Circus! Show of shows

By Phillip Miles, Exhibitions Officer

2018 was the 250th anniversary of the creation of ‘Circus’ in the UK. With Norfolk jointly holding one of the 6 ‘cities of circus’ in the form of Norwich and Great Yarmouth we were lucky enough to be able to partner up with three other cultural institutions and many private circus ephemera collectors, to jointly deliver a Heritage Lottery Grant funded exhibition celebrating this grand anniversary. This was a great reason to look through our own circus archives and try to uncover the hidden stories of circus in Norfolk.

Jordan's Circus images 12.10.18 (69) - smaller

Our main partners were Museums Sheffield, Tyne and Wear Archives and Museums and the National Fairground and Circus Archive at the University of Sheffield (known as the NFCA). Although all of the museum partners, ourselves included, had extensive circus material to draw upon, the chance to borrow from the collections held at a national circus archive was very exciting.

The NFCA holds almost 200,000 unique items, many of which have been digitised and can be found on their online database. Amazingly hundreds of these items relate to circus in Norfolk.

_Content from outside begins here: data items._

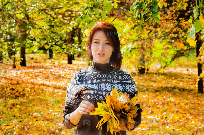 Симпатичная девушка в джинсах и свитере в осенней листве
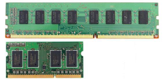 데스크탑용 램 모듈(위)와 노트북용 램 모듈 (아래)
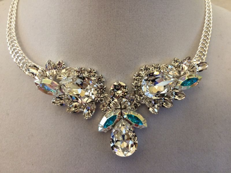 A diamond necklace for a wedding gift is a thoughtful, timeless choice that is sure to match the bride's new wedding ring set. Learn how to pair jewelry with sweetheart necklines, match necklaces for strapless dresses, & more! A quintessential bride is incomplete without wedding necklace sets that brighten her ensemble and a glistening gold or sparkling silver wedding necklace set that is encrusted with twinkling gemstones. This beautiful bridal necklace is made with a sparkly swarovski pure brilliance cubic zirconia component that i finished with swarovski pearls.
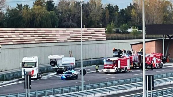 Esce fumo dal rimorchio, l'autista chiama i soccorsi: trasporta un carico di batterie esauste
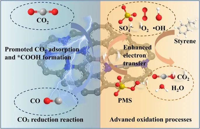 该研究实现流动相VOCs 99%的降解率(60 %的稳定矿化);电催化CO₂还原过程达到1 A cm⁻²安倍级电流密度及98%的CO法拉第效率。研究成果为推进“双碳”战略中过程降碳和末端固碳提供了重要的实验参考和理论依据,有望在未来环境能源技术中发挥关键作用。
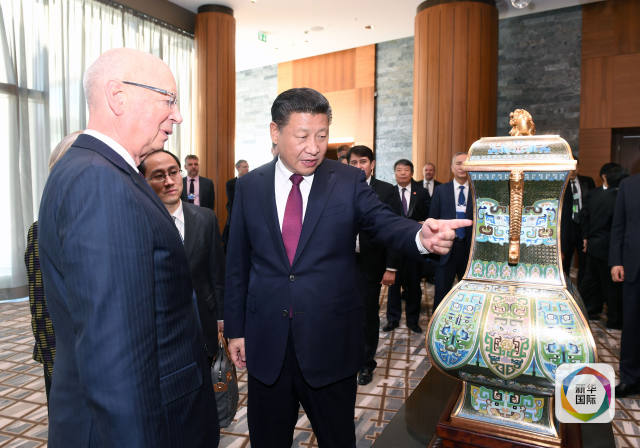 1月17日,國家主席習近平在瑞士達沃斯會見世界經(jīng)濟論壇主席施瓦布。這是習近平向施瓦布介紹中華人民共和國贈送給世界經(jīng)濟論壇的四面方尊。(新華社記者 饒愛民 攝)
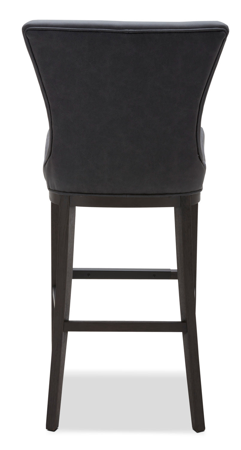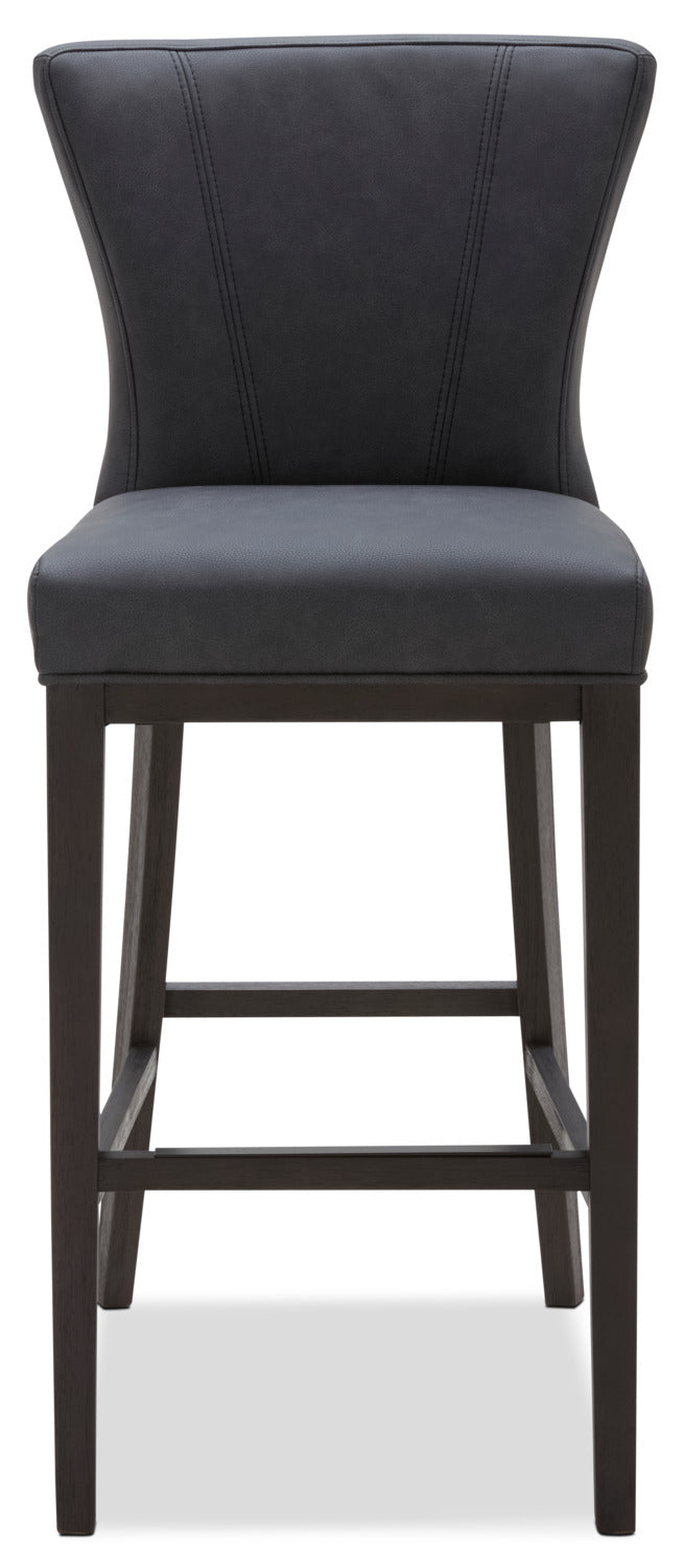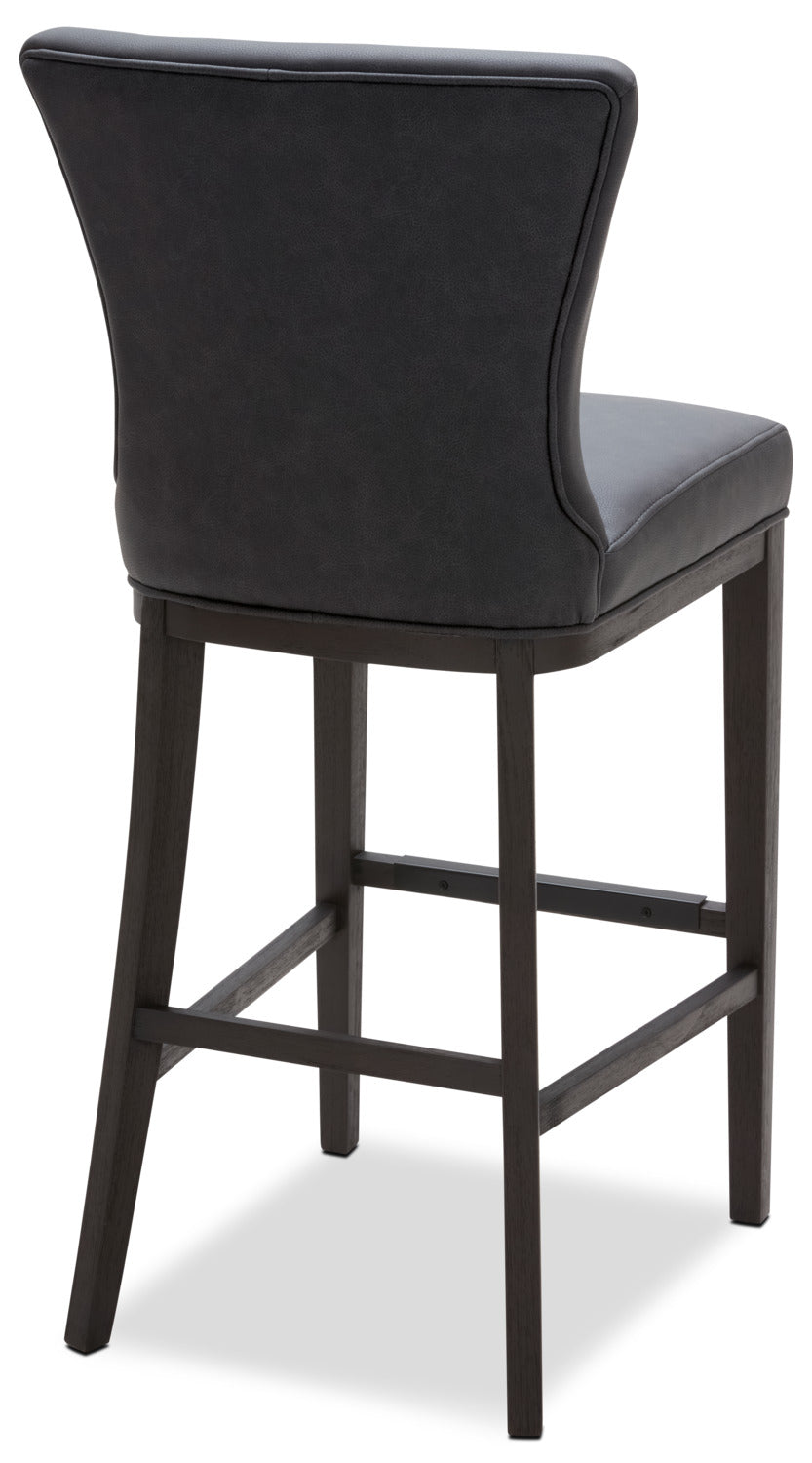 Sit up tall in this handsome Quinn bar stool. When you need to elevate your casual dining space, there's no better way than climbing onto this cushy padded seat and planting your feet on the wooden footrest. The lustrous leather-look fabric with accent stitching is likely to steal stares from your friends and family. Whether you pull up a seat to the kitchen counter or create a cozy atmosphere around a pub table, you've got the perfect option with this versatile stool.
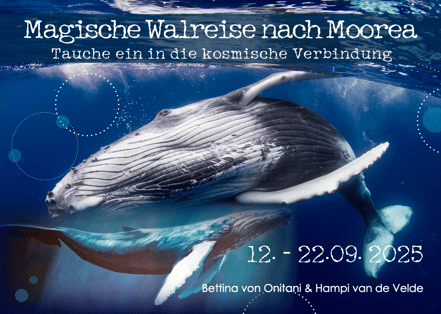 Die südpazifische Insel Moorea beherbergt mystische Orte, und der heilige Berg ist überall auf der Insel kraftvoll spürbar. Der blaue Ozean umgibt die Insel und dich, sodass du dich sicher und geborgen fühlst, während du mit den Walen schwimmst, ihren Gesängen im Meer lauschst und eine Erfahrung machst, die dein Leben zu verändern vermag.
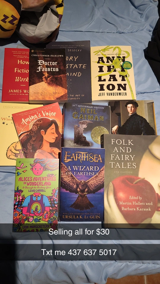 Selling a mixed lot of books for $30! Includes titles like: - How Fiction Works by James Wood - Doctor Faustus by Christopher Marlowe - Annihilation by Jeff VanderMeer - Amina's Voice - Alice's Adventures in Wonderland by Lewis Carroll - A Wizard of Earthsea by Ursula K. Le Guin - Folk and Fairy Tales
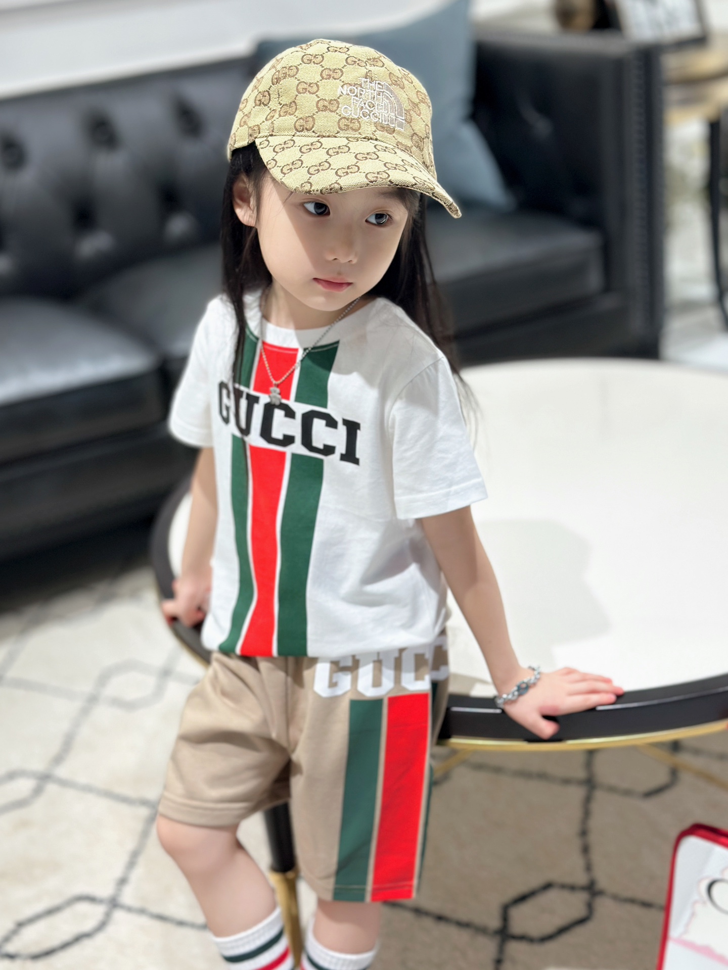 This children's clothes is AAAAA 1:1 quality (superb). Materials used are identical to the original ones. trademark marks are indistinguishable to the authentic. Photos take by actual children's clothes, what you receive will be 100% same with our photos.
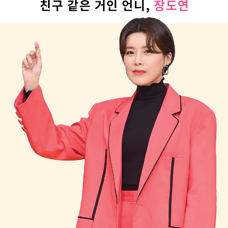 외동인 나는 친구 같은 언니를 둔 사람들이 부러울 때가 있다. 이 감정을 해소해줄 수 있는 사람은 나처럼 외동으로 자란 장도연이다. 그녀는 애완 고슴도치 ‘츄’와 직접 키우는 콩나물도 섬세하게 대한다. 미친 입담으로 심심할 새도 없는 건 물론이고 토익 점수로 대학까지 간 ‘뇌섹녀’라 내 영어 실력까지 책임져줄 것 같은 든든함이 느껴진다. 이 언니야말로 전국 외동딸들의 ‘워너비 언니’ 아닐까? - 외동딸내미(25세, 회사원)
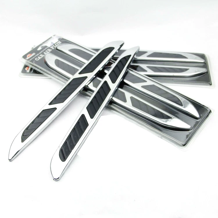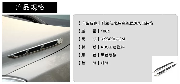 一组二入。颜色:黑色+镀铬。材质为硬质树脂。特殊造型设计,安装容易。具防水,坚固又耐用、不易损坏。背部附双面胶,可装饰于车身曲面看起来更具有质感。适合各种车型。
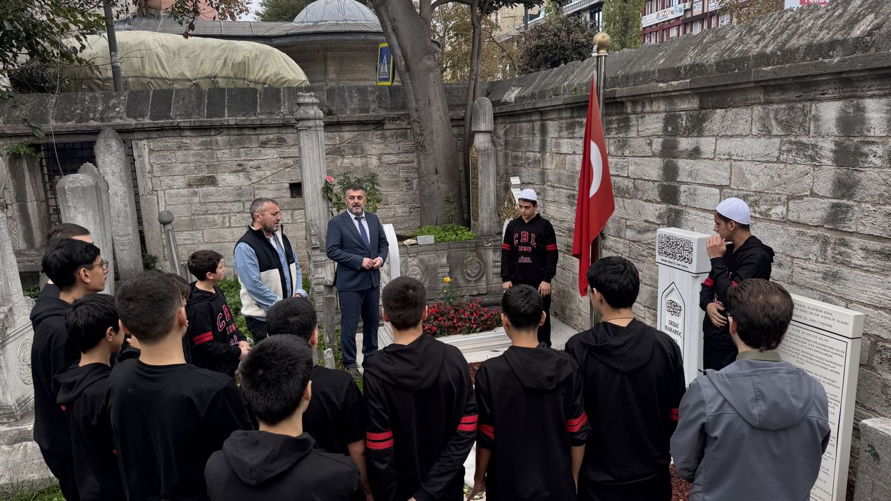 Sultangazi Nuri Pakdil Anadolu Lisesi öğrencileri, İstiklal Marşı'nın şairi Mehmet Akif Ersoy'un Edirnekapı Mezarlığı'ndaki kabrini ziyaret ederek, dua etti.
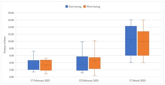 All hives were subject to a colony strength assessment on three occasions during the experiment; (17 February 2023, 22 February and 17 March 2023). The first two inspections were completed using the Liebefeld method [25] to assess the frames occupied by the adult bees, eggs, open and closed brood, nectar and pollen stores, whereas the third was a generic beekeeper estimation of the frames occupied by the adult bees and nectar stores. Data on colony strength, expressed as frames of adult bees (FOB), were analysed with respect to the treatment group (east- and west-facing entrances). The daily flight commencement and cessation times were determined as a timestamp at which the number of bees exiting the hive was ≥10 bees and <10 bees per minute (BPM), respectively. Subsequently, the bee flight hours were calculated as a sum of the times within range of the aforementioned BPM threshold parameters. Within each treatment group, the colonies were divided into two subgroups, weak and strong, based on the FOB parameter. The weak colony group consisted of six colonies with strengths of ≤3.25 FOB, whereas the strong colony group comprised six colonies of >3.25 FOB.

As is often the way with temporary exhibitions, the limited wall space in the galleries and the competition between hundreds of high quality artefacts from external sources meant that some objects shortlisted for display from our own collections unfortunately had to remain in storage, mostly circus programmes from the 1950’s – 1970’s. Like those in the NFCA archive, these items still serve an important purpose when in store and are available for use by researchers. Our volunteers have embarked on a digitisation process of each page of these programmes so that we can use them digitally.

GRYEH 2001.26.8 centre pages

GRYEH : 2001.26.8 – Circus programme 

The originals continue to be cared for in store at Time and Tide Museum so that when the next big Circus anniversary comes around they are still available to contribute to the story of a very important local, national and international tradition.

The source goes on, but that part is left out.